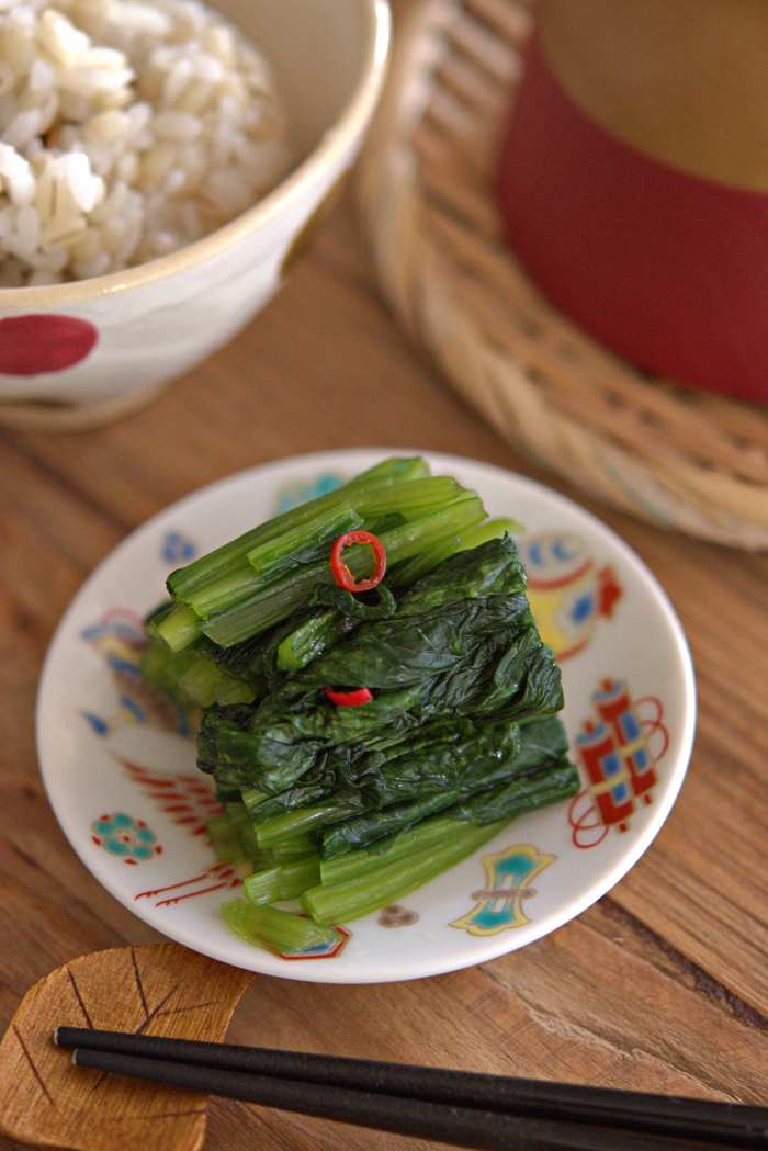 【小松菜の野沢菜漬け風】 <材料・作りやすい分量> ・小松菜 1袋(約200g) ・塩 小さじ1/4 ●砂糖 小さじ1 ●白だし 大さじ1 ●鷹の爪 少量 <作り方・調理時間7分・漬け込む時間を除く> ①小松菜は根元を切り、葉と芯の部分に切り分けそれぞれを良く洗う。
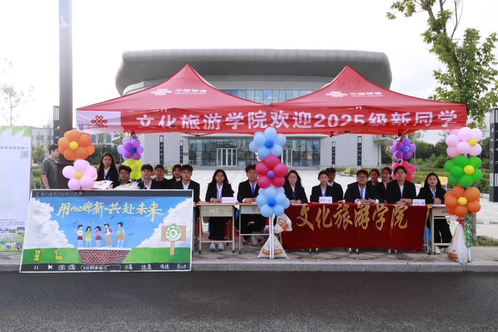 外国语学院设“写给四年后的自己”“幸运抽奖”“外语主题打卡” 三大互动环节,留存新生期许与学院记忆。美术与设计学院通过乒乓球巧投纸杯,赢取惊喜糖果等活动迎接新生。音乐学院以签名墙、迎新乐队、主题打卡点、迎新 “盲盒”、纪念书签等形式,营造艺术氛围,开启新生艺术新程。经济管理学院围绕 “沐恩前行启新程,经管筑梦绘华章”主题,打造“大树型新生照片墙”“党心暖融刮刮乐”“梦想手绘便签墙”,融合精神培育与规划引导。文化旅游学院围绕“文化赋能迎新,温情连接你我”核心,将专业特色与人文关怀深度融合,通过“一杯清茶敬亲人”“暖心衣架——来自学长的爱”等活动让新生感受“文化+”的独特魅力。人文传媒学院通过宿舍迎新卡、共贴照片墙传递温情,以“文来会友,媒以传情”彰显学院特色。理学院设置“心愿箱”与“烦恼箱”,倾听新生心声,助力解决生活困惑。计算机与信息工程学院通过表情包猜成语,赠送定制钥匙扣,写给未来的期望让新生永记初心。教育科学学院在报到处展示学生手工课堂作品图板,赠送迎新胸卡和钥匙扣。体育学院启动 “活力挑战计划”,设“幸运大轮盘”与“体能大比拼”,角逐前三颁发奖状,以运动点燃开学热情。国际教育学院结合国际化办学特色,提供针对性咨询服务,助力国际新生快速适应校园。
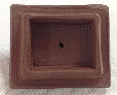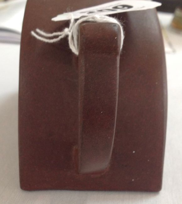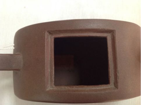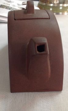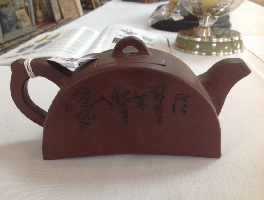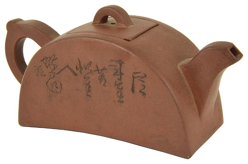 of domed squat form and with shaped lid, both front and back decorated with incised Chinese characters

** Task statement **
Exclude the pictures. Write out the remaining data exactly.

** Answer space **
 【小松菜の野沢菜漬け風】 <材料・作りやすい分量> ・小松菜 1袋(約200g) ・塩 小さじ1/4 ●砂糖 小さじ1 ●白だし 大さじ1 ●鷹の爪 少量 <作り方・調理時間7分・漬け込む時間を除く> ①小松菜は根元を切り、葉と芯の部分に切り分けそれぞれを良く洗う。
 外国语学院设“写给四年后的自己”“幸运抽奖”“外语主题打卡” 三大互动环节,留存新生期许与学院记忆。美术与设计学院通过乒乓球巧投纸杯,赢取惊喜糖果等活动迎接新生。音乐学院以签名墙、迎新乐队、主题打卡点、迎新 “盲盒”、纪念书签等形式,营造艺术氛围,开启新生艺术新程。经济管理学院围绕 “沐恩前行启新程,经管筑梦绘华章”主题,打造“大树型新生照片墙”“党心暖融刮刮乐”“梦想手绘便签墙”,融合精神培育与规划引导。文化旅游学院围绕“文化赋能迎新,温情连接你我”核心,将专业特色与人文关怀深度融合,通过“一杯清茶敬亲人”“暖心衣架——来自学长的爱”等活动让新生感受“文化+”的独特魅力。人文传媒学院通过宿舍迎新卡、共贴照片墙传递温情,以“文来会友,媒以传情”彰显学院特色。理学院设置“心愿箱”与“烦恼箱”,倾听新生心声,助力解决生活困惑。计算机与信息工程学院通过表情包猜成语,赠送定制钥匙扣,写给未来的期望让新生永记初心。教育科学学院在报到处展示学生手工课堂作品图板,赠送迎新胸卡和钥匙扣。体育学院启动 “活力挑战计划”,设“幸运大轮盘”与“体能大比拼”,角逐前三颁发奖状,以运动点燃开学热情。国际教育学院结合国际化办学特色,提供针对性咨询服务,助力国际新生快速适应校园。
 of domed squat form and with shaped lid, both front and back decorated with incised Chinese characters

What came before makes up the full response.